----- Exercise input -----
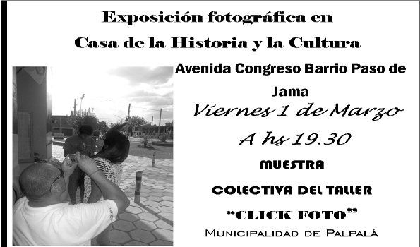 El viernes 1 de marzo, en la Casa de la Cultura de Palpalá a las 19.30 se realizará la exposición de los trabajos fotográficos realizados en el taller de dictado por la profesora Ana Tolaba.
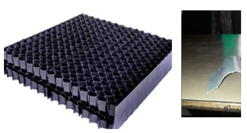 Drift Eliminators are designed to capture large water droplets caught in the cooling tower stream. The eliminators prevent the water droplets and mist from escaping the cooling tower.
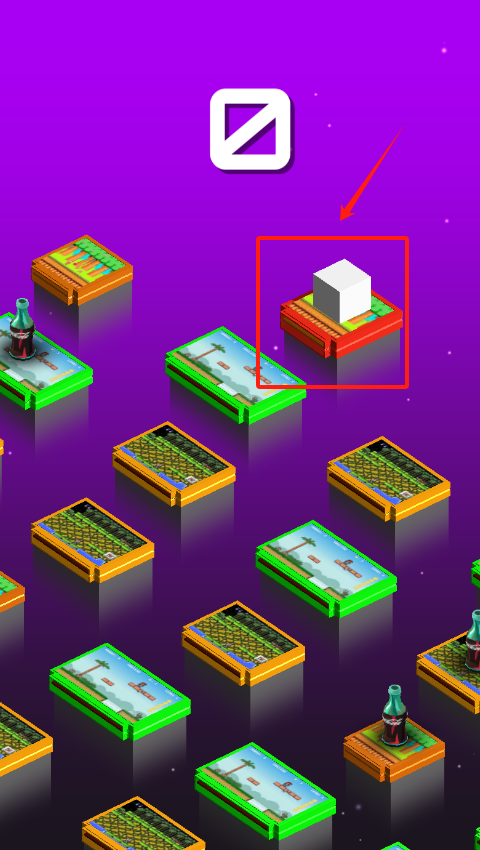3、看到红框标注的绿色平台托着白色方块,用手指点这个平台,就能操控方块跳跃到其他平台过关啦。
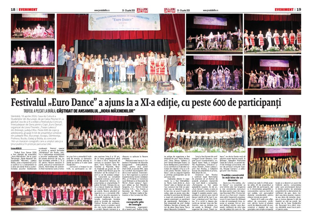 Sâmbătă, 18 aprilie 2026, Casa de Cultură a Studenților din București, de pe Calea Plevnei 61, a găzduit cea de-a XI-a ediție a Festivalului-Concurs Interjudețean de Dans pentru Copii „Euro Dance”, organizat de Liceul Teoretic „Traian Lalescu” din Brănești, județul Ilfov. Peste 600 de copii și adolescenți, grupați în 64 de ansambluri artistice din județele Ilfov, București, Giurgiu, Dâmbovița, Prahova, Buzău, Galați și Brăila, au concurat într-un maraton coregrafic care a umplut sala și a ținut publicul în priză pe parcursul zilei.
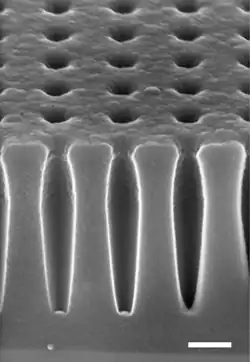 Angled cross-sectional scanning electron micrograph of a nanohole array etched in amorphous silicon, with a thin conductive polymer coating. Scale bar is 200 nm.
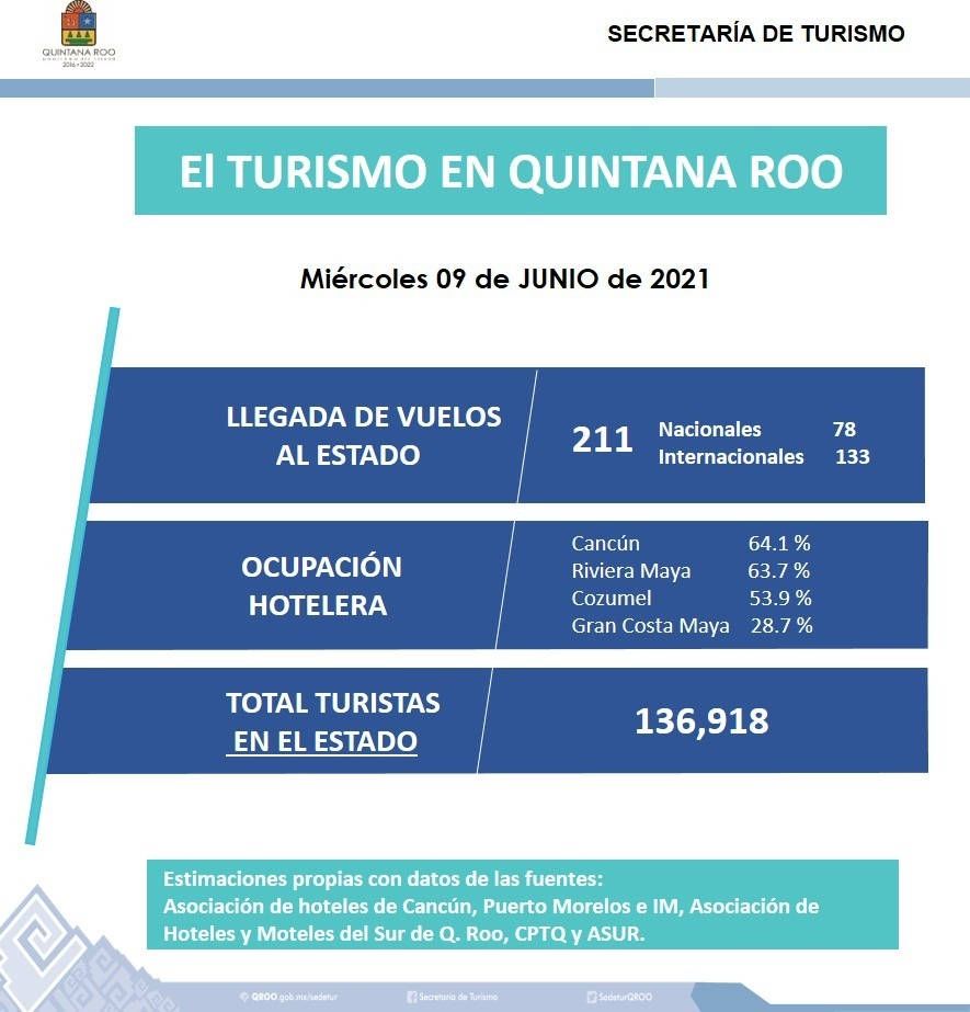 En este sentido, Cancún como destino turístico se mantiene como primero en temas de ocupación hotelera con 64.1 por ciento y en esta ocasión seguido de Riviera Maya con 63. 7 por ciento, Cozumel con 53. 9 por ciento y Gran Costa Maya con 28. 7 por ciento; además de presentar un número total de 136 mil 918 turistas.
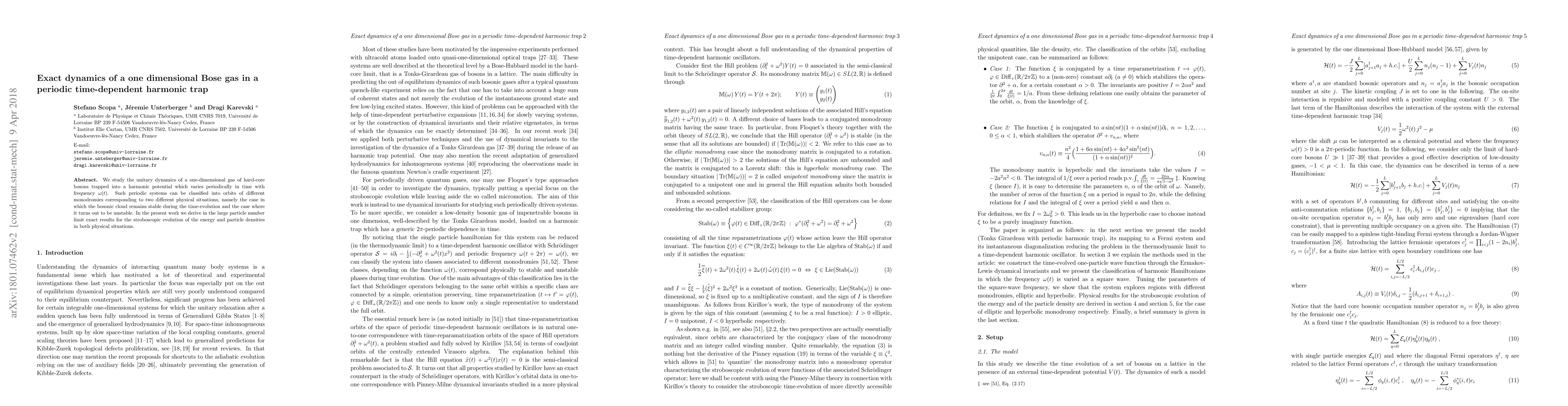 Researchers studied a one-dimensional gas of bosons trapped in a periodic time-dependent harmonic trap, finding exact results for its energy and particle densities in two physical situations.
-----
> **Exercise aim**: All of the data above should be quoted exactly, except for the pictures.

> **Answer section**:
 El viernes 1 de marzo, en la Casa de la Cultura de Palpalá a las 19.30 se realizará la exposición de los trabajos fotográficos realizados en el taller de dictado por la profesora Ana Tolaba.
 Drift Eliminators are designed to capture large water droplets caught in the cooling tower stream. The eliminators prevent the water droplets and mist from escaping the cooling tower.
3、看到红框标注的绿色平台托着白色方块,用手指点这个平台,就能操控方块跳跃到其他平台过关啦。
 Sâmbătă, 18 aprilie 2026, Casa de Cultură a Studenților din București, de pe Calea Plevnei 61, a găzduit cea de-a XI-a ediție a Festivalului-Concurs Interjudețean de Dans pentru Copii „Euro Dance”, organizat de Liceul Teoretic „Traian Lalescu” din Brănești, județul Ilfov. Peste 600 de copii și adolescenți, grupați în 64 de ansambluri artistice din județele Ilfov, București, Giurgiu, Dâmbovița, Prahova, Buzău, Galați și Brăila, au concurat într-un maraton coregrafic care a umplut sala și a ținut publicul în priză pe parcursul zilei.
 Angled cross-sectional scanning electron micrograph of a nanohole array etched in amorphous silicon, with a thin conductive polymer coating. Scale bar is 200 nm.
 En este sentido, Cancún como destino turístico se mantiene como primero en temas de ocupación hotelera con 64.1 por ciento y en esta ocasión seguido de Riviera Maya con 63. 7 por ciento, Cozumel con 53. 9 por ciento y Gran Costa Maya con 28. 7 por ciento; además de presentar un número total de 136 mil 918 turistas.
 Researchers studied a one-dimensional gas of bosons trapped in a periodic time-dependent harmonic trap, finding exact results for its energy and particle densities in two physical situations.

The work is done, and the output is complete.